*** Data to use Section Begins ***
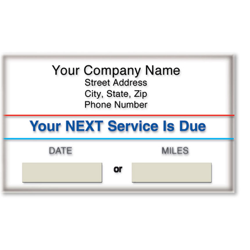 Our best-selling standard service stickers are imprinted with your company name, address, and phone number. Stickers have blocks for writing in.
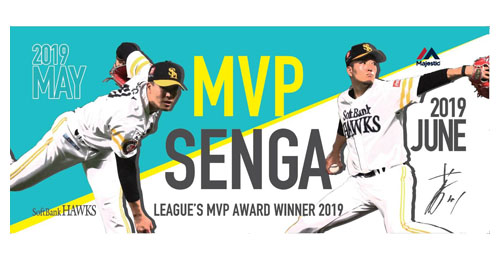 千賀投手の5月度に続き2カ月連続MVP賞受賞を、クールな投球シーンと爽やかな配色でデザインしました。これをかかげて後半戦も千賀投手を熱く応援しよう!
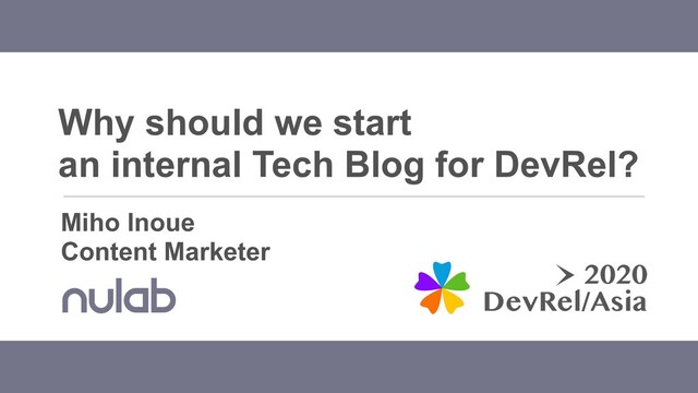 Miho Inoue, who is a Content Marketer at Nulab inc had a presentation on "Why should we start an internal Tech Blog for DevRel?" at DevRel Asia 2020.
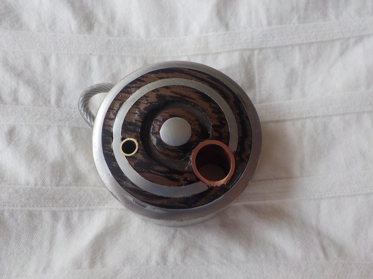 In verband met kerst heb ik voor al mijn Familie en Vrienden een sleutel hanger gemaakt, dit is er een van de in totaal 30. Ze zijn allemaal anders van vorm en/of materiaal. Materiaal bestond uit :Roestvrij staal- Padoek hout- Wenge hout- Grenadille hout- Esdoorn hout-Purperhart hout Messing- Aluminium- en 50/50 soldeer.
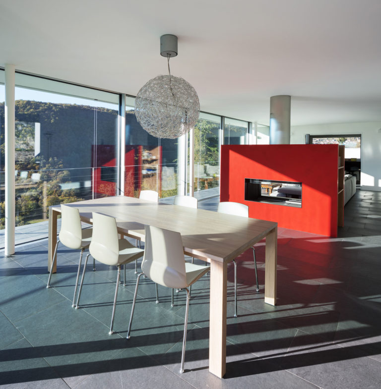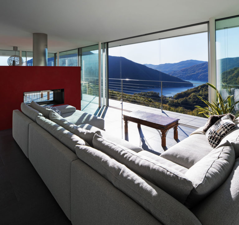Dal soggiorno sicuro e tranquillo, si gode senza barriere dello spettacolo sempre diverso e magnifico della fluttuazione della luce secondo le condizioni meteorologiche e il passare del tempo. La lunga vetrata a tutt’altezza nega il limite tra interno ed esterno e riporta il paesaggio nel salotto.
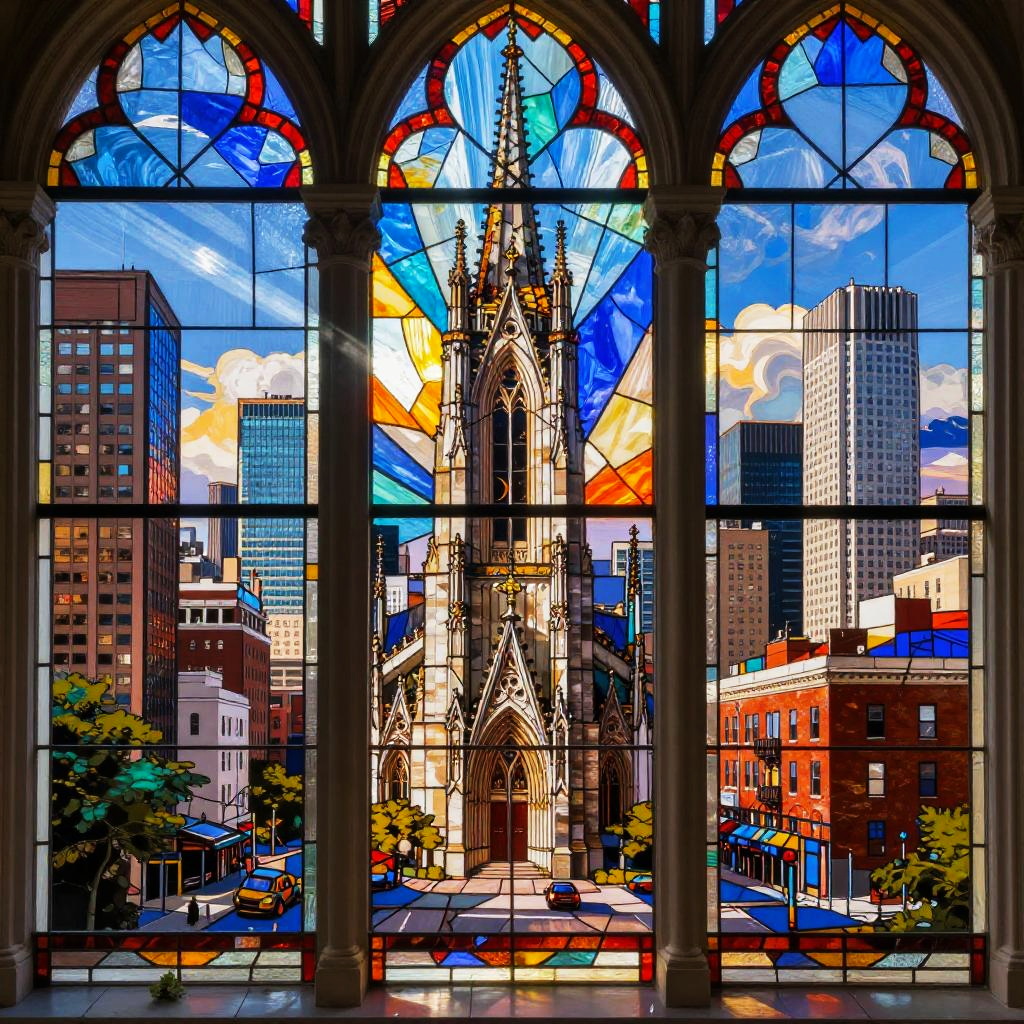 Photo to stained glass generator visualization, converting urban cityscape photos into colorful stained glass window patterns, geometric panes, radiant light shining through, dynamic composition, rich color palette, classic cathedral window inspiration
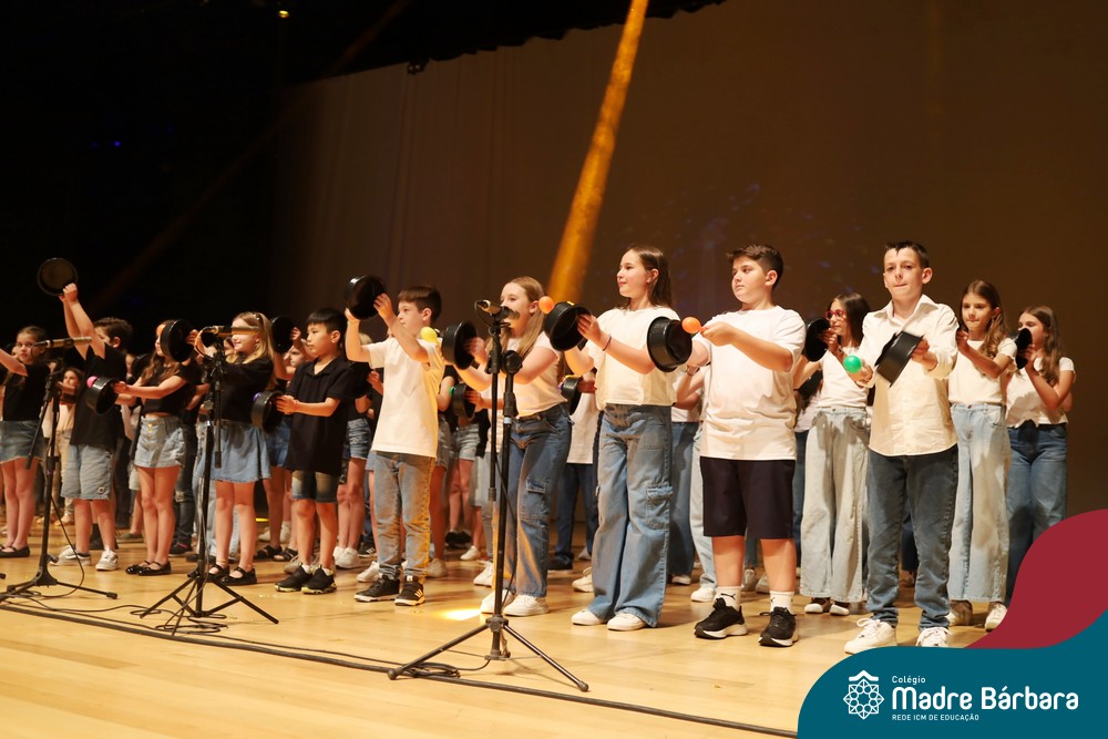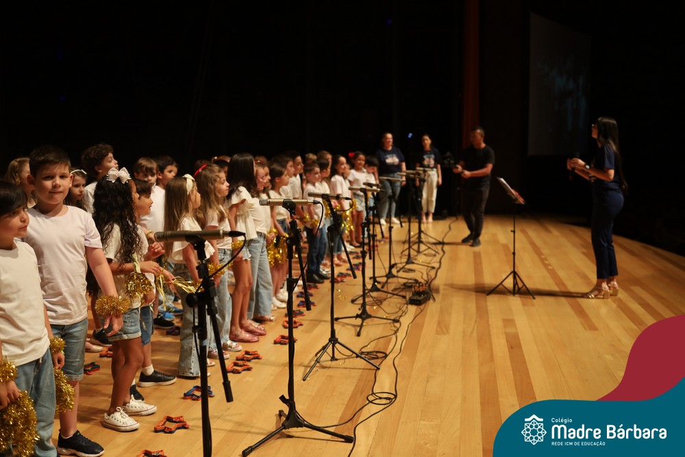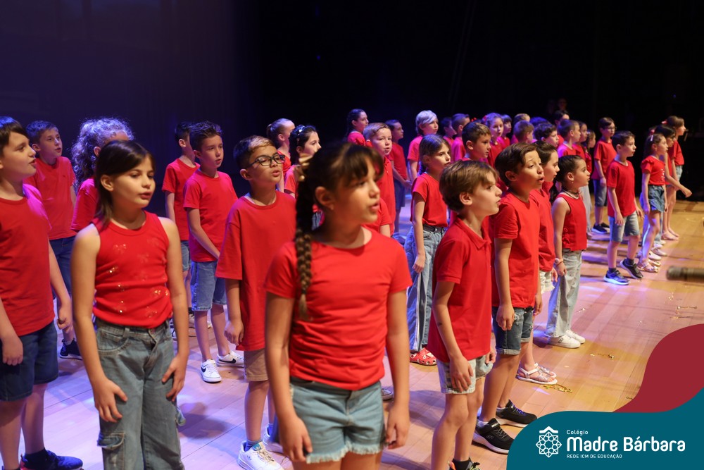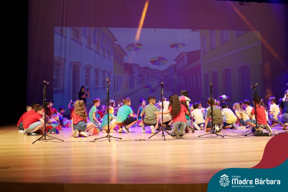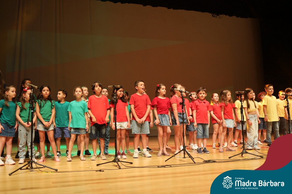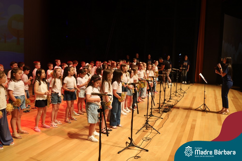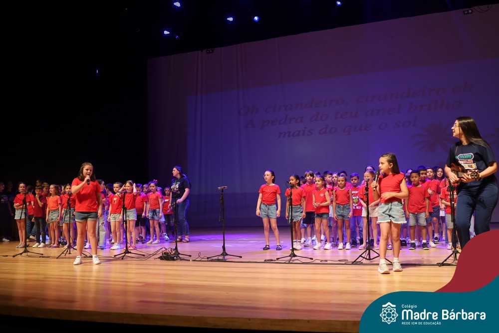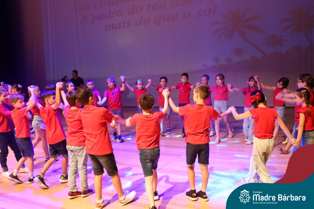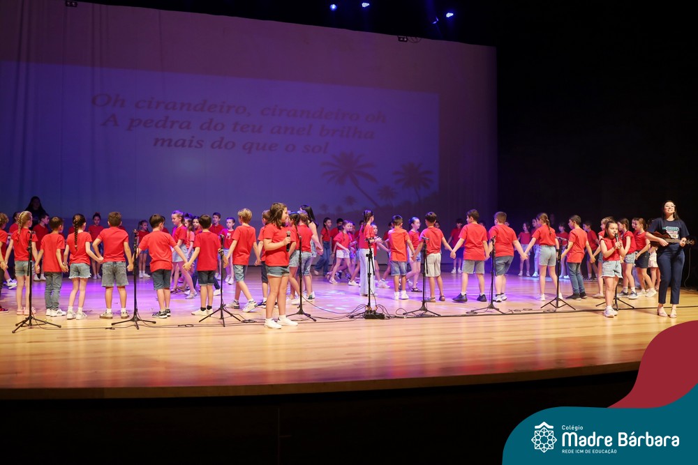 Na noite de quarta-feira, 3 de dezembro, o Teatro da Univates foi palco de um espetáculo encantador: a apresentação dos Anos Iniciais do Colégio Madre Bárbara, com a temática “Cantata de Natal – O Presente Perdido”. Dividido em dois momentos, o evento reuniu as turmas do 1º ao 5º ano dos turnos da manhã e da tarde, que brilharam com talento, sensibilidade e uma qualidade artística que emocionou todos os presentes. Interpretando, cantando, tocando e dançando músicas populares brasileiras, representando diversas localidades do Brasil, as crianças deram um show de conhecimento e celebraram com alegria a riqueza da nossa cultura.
*** Data to use Section Ends ***
--- Requirement ---
Extract, without any images, the part of the material above that opens with the line containing "千賀投手の5月度に続き2カ月" and closes with the line containing "Miho Inoue, who", both lines included.

--- Completed exercise ---
 千賀投手の5月度に続き2カ月連続MVP賞受賞を、クールな投球シーンと爽やかな配色でデザインしました。これをかかげて後半戦も千賀投手を熱く応援しよう!
 Miho Inoue, who is a Content Marketer at Nulab inc had a presentation on "Why should we start an internal Tech Blog for DevRel?" at DevRel Asia 2020.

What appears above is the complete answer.